### Problem to solve:
The answer must consist only of the lines from the line with "Rumination-Moon Jar, 81x81cm" to the line with "displaying the identitarian", both included, exactly as they stand below.

### Record set:
::::::
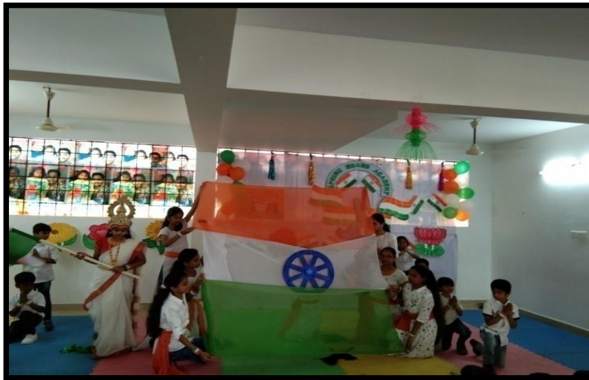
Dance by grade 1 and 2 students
::::::
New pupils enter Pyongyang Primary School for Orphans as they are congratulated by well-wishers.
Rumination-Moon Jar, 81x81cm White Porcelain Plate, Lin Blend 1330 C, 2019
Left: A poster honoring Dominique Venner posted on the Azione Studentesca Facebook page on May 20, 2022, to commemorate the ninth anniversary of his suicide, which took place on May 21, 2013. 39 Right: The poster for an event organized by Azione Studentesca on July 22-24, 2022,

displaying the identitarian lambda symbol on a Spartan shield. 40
::::::
### Exercise solution:
Rumination-Moon Jar, 81x81cm White Porcelain Plate, Lin Blend 1330 C, 2019
Left: A poster honoring Dominique Venner posted on the Azione Studentesca Facebook page on May 20, 2022, to commemorate the ninth anniversary of his suicide, which took place on May 21, 2013. 39 Right: The poster for an event organized by Azione Studentesca on July 22-24, 2022,

displaying the identitarian lambda symbol on a Spartan shield. 40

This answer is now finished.